Adam and Eve, though still physically present in the garden of Eden after eating the forbidden fruit, were consequently spiritually dead and became alienated from God and from the commonwealth of His kingdom. This verdict they could not set aside, which emphasizes the insufficiency of man’s works and personal endeavour in gaining salvation, except by being born again (John 3:3). It needed a Messiah – one qualified and of a high integrity to meet the divine standard and thus satisfy God’s imperative judgment.
Christ therefore became the sin-bearer, based on the fact of God’s provision and what the Scripture says (Romans 3:25). “And He is the propitiation for our sins; and not for ours only, but also for the sins of the whole world” (1 John 2:2; Acts 4:12). And by Christ’s finished work of grace, solution was provided to the problem of sin to ensure man’s reconciliation with God (Isaiah 44:22; Romans 5:9). Although Christ’s atonement on the cross guarantees universal provision of salvation or all mankind, this
could only be appropriated on a personal basis through faith in Christ Jesus. The sinner who seeks salvation must take the necessary step of faith in the blood of Jesus. Paul gives proof of this in his Epistle to the Romans 5:1 – “Therefore being justified by faith, we have peace with God through our Lord Jesus Christ”. “For unto us was the gospel preached, as well as unto them: but the word preached did not profit them, not being mixed with faith in them that heard it” (Hebrews 4:2; 11:6). Having been saved through faith in our Lord Jesus, the redeemed has evidence in his new life to show for his justification (2 Corinthians 5:17). In keeping with this expectation, apostle Paul exhorts the Ephesian converts: “Be ye therefore followers of God as dear children. And work in love as Christ also hath loved us, and hath given himself for us an offering and a sacrifice to God for a sweet smelling savour” (Ephesians 5:1,2).

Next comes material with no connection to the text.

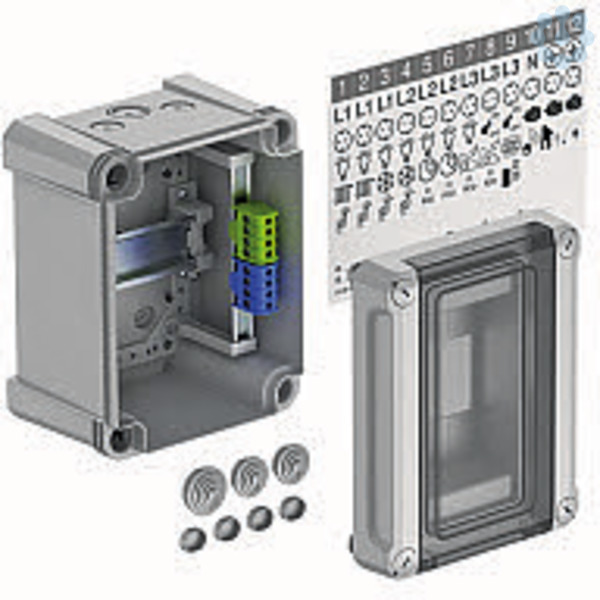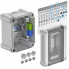 Kleinverteiler mit Klemmleiste zur Aufputz-Montage, für die Strom-Unterverteilung im Innen- und geschützten Außenbereich, gemäß IEC 439-3. Mit vormontierter 35-mm-Hutprofilschiene. Schutzart IP66 und Schutzgrad IK07. Transparenter Deckel zum Schrauben, mit Ausschnitt.

Before he was justified, the sinner had works of the flesh as catalogued in Galatians 5:19-21, but as a new creature, the fruit of the Spirit become manifest (Galatians 5:22,23). Therefore, in lifestyle, speech, conduct, and disposition, the redeemed is more like Christ, having been quickened by the Spirit of God. The misleading concept of justification by works, as an article of man’s religion, is opposed to justification by faith because it denies the grace of God and dishonours the blood of Christ. The reference in James 2:14-26 may be interpreted amiss by a cursory reader of the scriptures, where it asks: “But wilt thou know O vain man, that faith without works is dead?” The underlying point being stressed by James is that works as referred to in this context are complementary to justification by faith. So then, though in one sense a man is justified by faith without works, in another sense we see “how by works a man is justified, and not by faith only”. Justification by faith before God; justification by works before men. Properly understood, none really is mutually exclusive.